As a typical enhancement of feature-based methods, state-of-the-art HRNet maintains stronger high-resolution representations through high-to-low resolution parallel convolutions [62]. According to the semantic segmentation results on PASCAL-context [89] and LIP [90], HRNet outperforms DeepLabv3+ and U-Net++ with lighter computation cost and fewer parameters [62].

There are four stages in HRNet to connect the high-to-low resolution convolutions in parallel, whose final Stage 4 is mainly illustrated in Figure 5. It comprises a horizontal multi-resolution parallel convolution and a crossing multi-resolution fusion. The multi-resolution parallel convolution is adapted from the group convolution that conducts a regular convolution over a subset clipped from input channels in various spatial resolutions separately. The multi-resolution fusion resembles the fully connected multi-branch convolutions. The input and output channels are both divided into several subsets along with the stages deepening. The four output representations are mixed from four resolutions using a 1 × 1 convolution followed by a classifier with softmax loss to obtain the segmentation maps. Furthermore, these maps are upsampled into the size same as the original input image using bilinear interpolation. Four outputs representations from low to high resolutions are named bilinear_interp_33, bilinear_interp_32, bilinear_interp_31, and relu_152, respectively.

4.3.3. Fast-SCNN

In addition, one of the feature encoder-based methods is Fast-SCNN [60], a real-time semantic segmentation model, which extracts multiple low-level resolution features simultaneously, making it suitable on embedded devices offline.
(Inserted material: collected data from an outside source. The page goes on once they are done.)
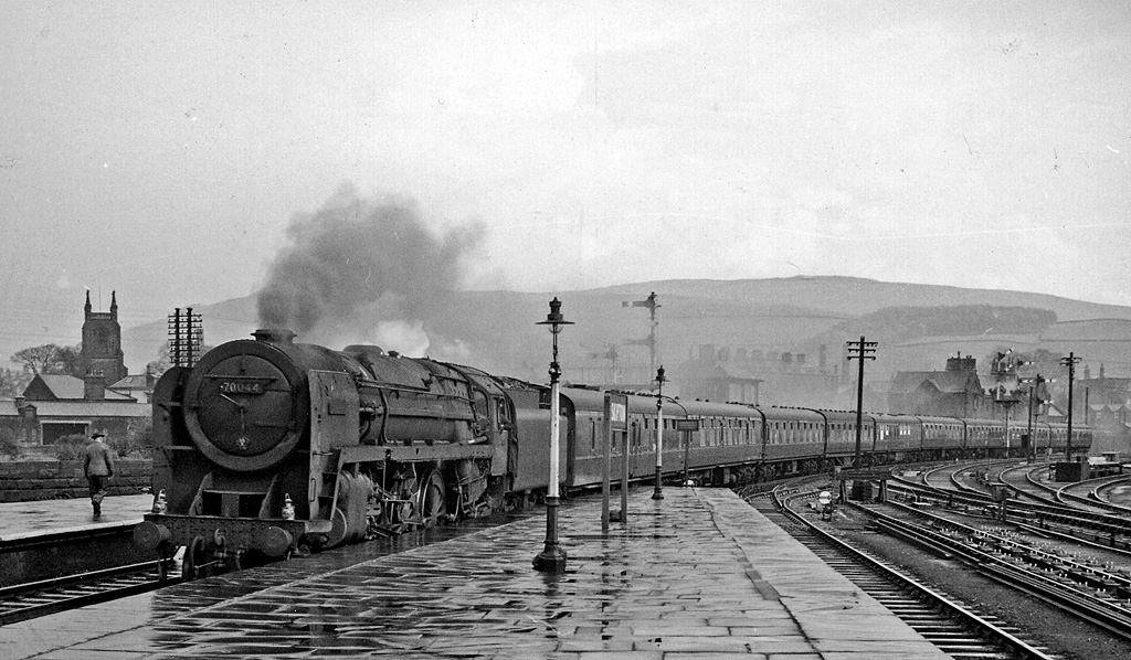 Down 'Thames-Clyde Express' entering Skipton Station. View eastward, towards Keighley, Leeds, Bradford etc.; ex-Midland London/Bristol - Sheffield - Leeds - Carlisle main line. The line from Otley and Ilkley (with a branch from Grassington, closed in 1930) used to come in from the left crossing the main line just beyond the end of the train, but closed on 22/3/65, though it still carries freight traffic); at the other side of the station a line branched off to Colne and this was closed on 2/2/70. In the distance are Skipton Moor and Rombalds Moor. The 'Thames-Clyde Express' had left London St Pancras at 10.15 and reached Glasgow St Enoch via Carlisle and Dumfries at 19.45. Here it is headed by BR Britannia Pacific No. 70044 'Earl Haig'.
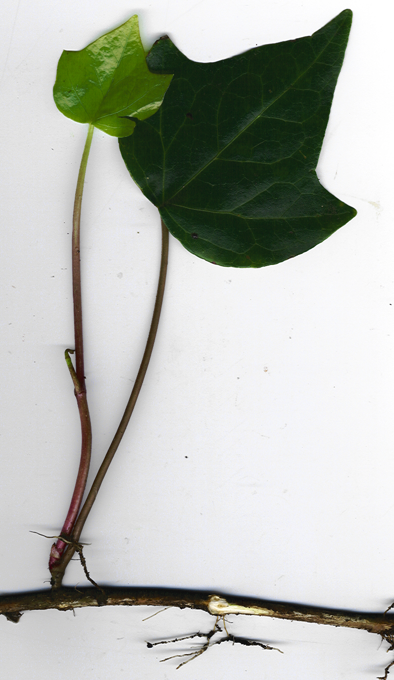 Hedera algeriensis (plant). Location: Maui, Piiholo
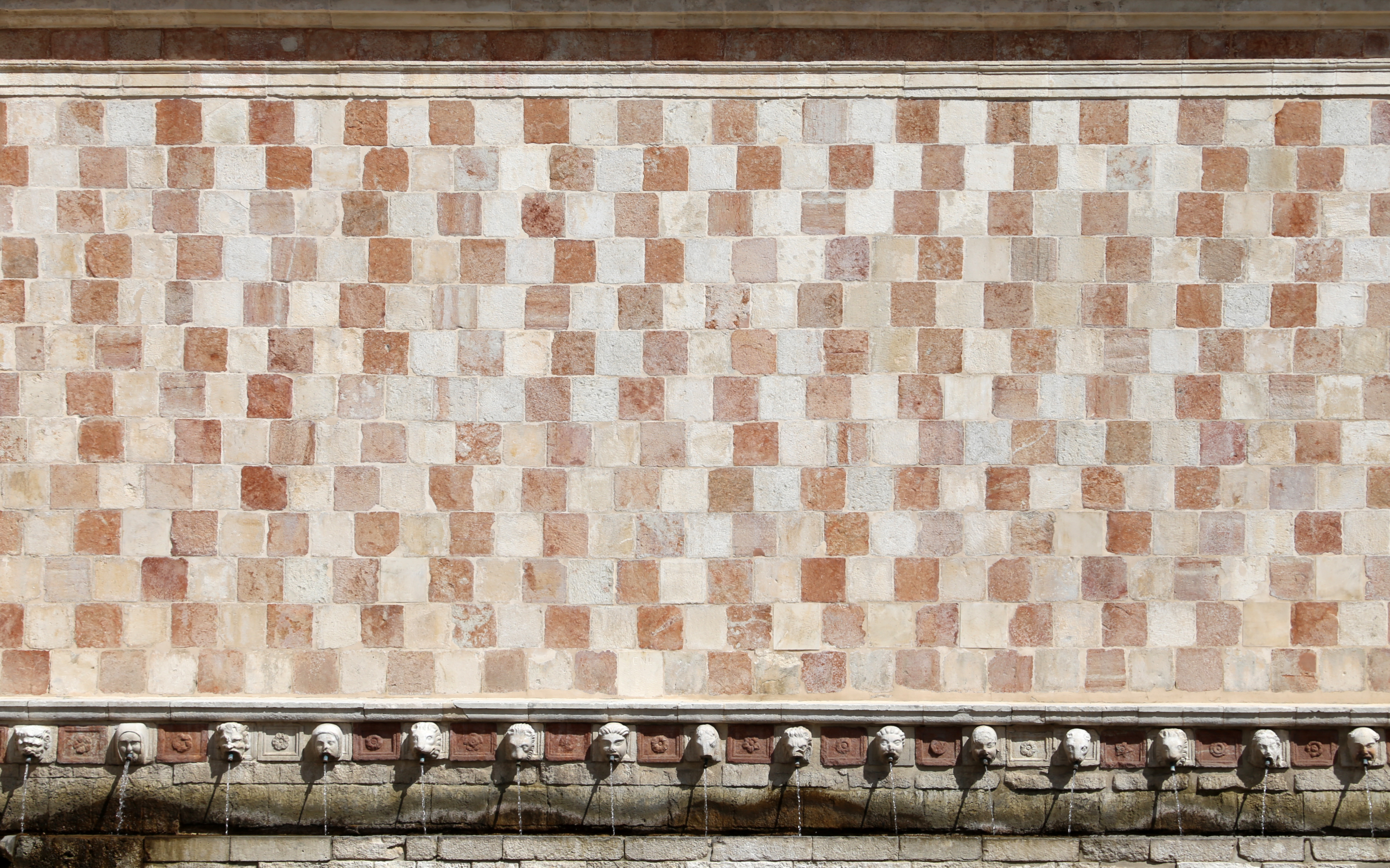 Fontana delle 99 cannelle (L'Aquila)
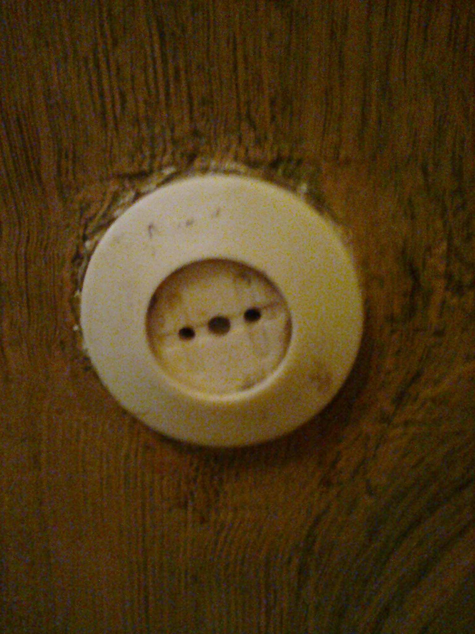 Soviet electric socket seen in Museum of Genocide Victims Vilnius
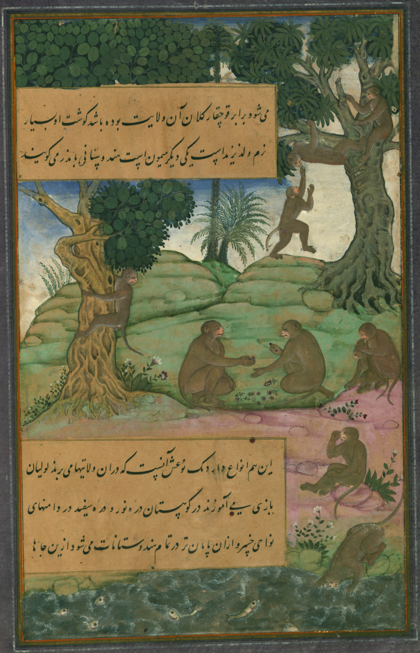 Illustrations from the Manuscript of Baburnama (Memoirs of Babur) - Late 16th Century Bāburnāma is the memoirs of Ẓahīr ud-Dīn Muḥammad Bābur (1483-1530), founder of the Mughal Empire and a great-great-great-grandson of Timur. It is an autobiographical work, originally written in the Chagatai language, known to Babur as "Turki" (meaning Turkic), the spoken language of the Andijan-Timurids. Because of Babur's cultural origin, his prose is highly Persianized in its sentence structure, morphology, and vocabulary,and also contains many phrases and smaller poems in Persian. During Emperor Akbar's reign, the work was completely translated to Persian by a Mughal courtier, Abdul Rahīm, in AH (Hijri) 998 (1589-90). These Paintings, being a fragment of a dispersed copy, was executed most probably in the late 10th AH /16th CE century. It contains 30 mostly full-page miniatures in fine Mughal style by at least two different artists. Another major fragment of this work (57 folios) is in the State Museum of Eastern Cultures, Moscow.
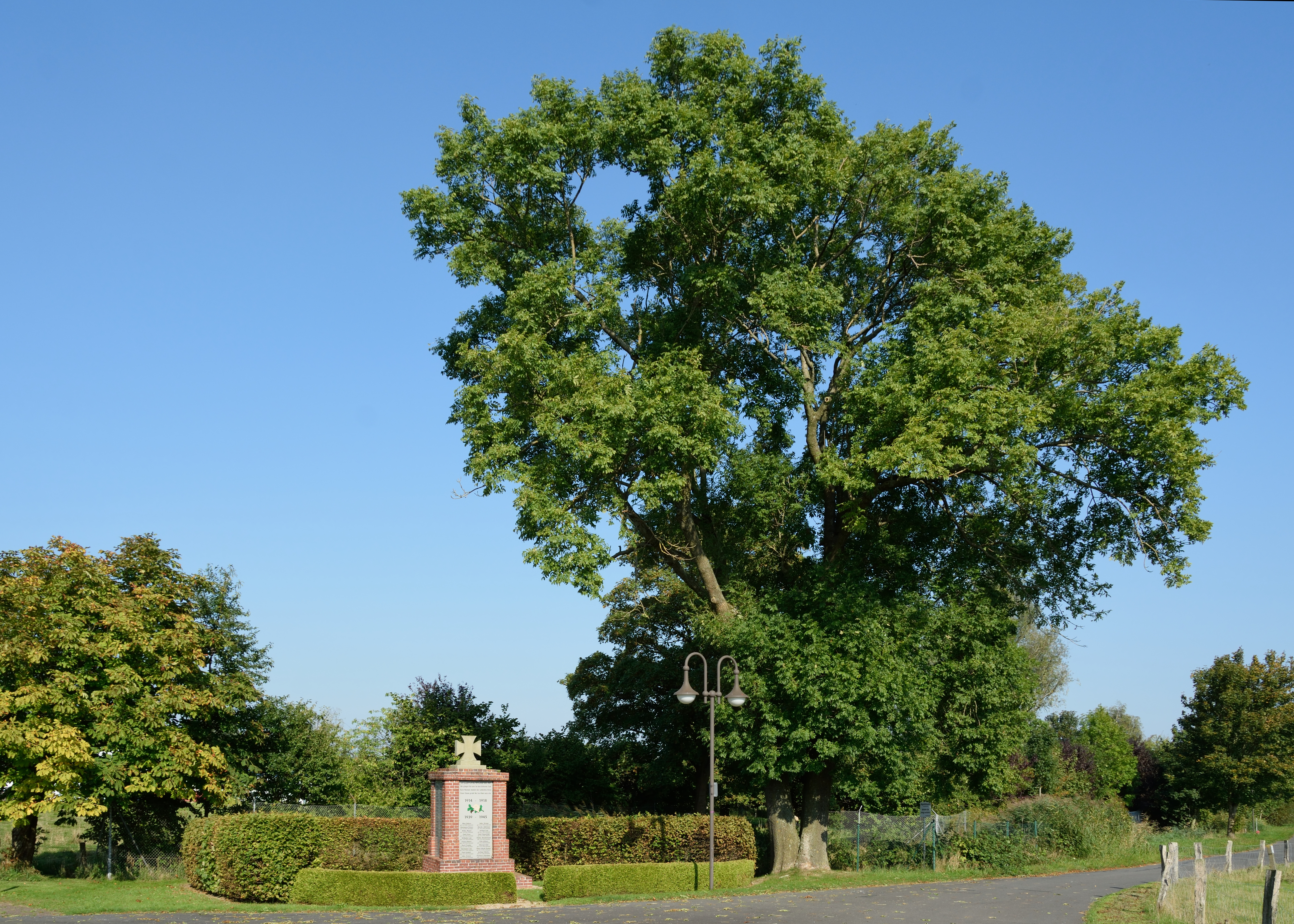 The ash at the memorial to the fallen of World Wars in Büttel

As Figure 6 demonstrated, Fast-SCNN has four parts (details can be found in [60]):

(1): A learning to downsample module with a standard convolutional layer (Conv2D) and two depthwise separable convolutional layers (DSConv). The output of feature maps is named relu_4 in A.
(2): A coarse global feature extractor to capture the contextual information for segmentation using a bottleneck block that employs the depthwise separable convolution. It can reduce the number of parameters to train floating-point operations. The end of the extractor is a pyramid pooling module that aims to aggregate the different-region-based context. The context information from the extractor part is given in relu_6 before the fusion operation.
(3): A feature fusion module with simple addition of the features with high-level and low-level representations (relu_7 in C).
(4): A standard classifier consists of two DSConv (relu_11 in D), one Conv2D to boost the accuracy, and a softmax layer to get the segmentation results.

4.3.4. DeepLabv3+

The last one is the DeepLabv3+ model, an increased resolution feature-based method [61]. A fully connected Conditional Random Field on the final layer of DeepLabv3+ improved localization performance both quantitatively and qualitatively. We mainly introduce the DeepLabv3+ framework in Figure 7 (more details can be referred to in [61]). Multi-scale contextual information is extracted by atrous convolution at an arbitrary resolution in the encoder module. In the decoder module, first, the features from the encoder atrous convolution (relu_8 in A) are bilinearly upsampled by 4 and then concatenated with low-level features (relu_9 in B) from the backbone with the same resolution after the 1 × 1 convolution to obtain the multi-level feature fusion (relu_10 in C). Further, a few 3 × 3 convolutions are applied to refine the features (relu_12 in D). They are upsampled by a factor of 4 in a simple bilinear way.

4.3.5. Data Augmentation

Training images were cropped into patch tiles of 256 × 256 pixels randomly to raise the volume of this dataset and to reduce classification problems around edges. There is a total of 1837 training patches and 197 validation patches. Data augmentation was employed to enhance the data set and avoid overfitting as listed in Table 3. We adopted step-scaling resize between 0.7 and 1.2 with step 0.1; flip operation with a probability of 0.5; mirror operation with a probability of 0.5; and additional operations including rotation, area crop, aspect, and color jitter (brightness, saturation, and contrast with a probability of 0.2) on the input images. These augmented images were standardly normalized between 0 and 1 by removing the mean and scaling to unit variance.

4.4. Accuracy Assessment

For model validation and accuracy assessment, overall accuracy (OA) and the mean intersection over union (mIoU) of two classes (unburned pixels and burned pixels) are used to measure the comprehensive performance of various methods, see Equations (3) and (4) (fp = false positive, tp = true positive, tn = true negative, fn = false negative in confusion matrix). The Cohens’ kappa coefficient [91], commission errors (Ce), and omission errors (Oe) are used to assess the performance of testing process, see Equations (5) and (6).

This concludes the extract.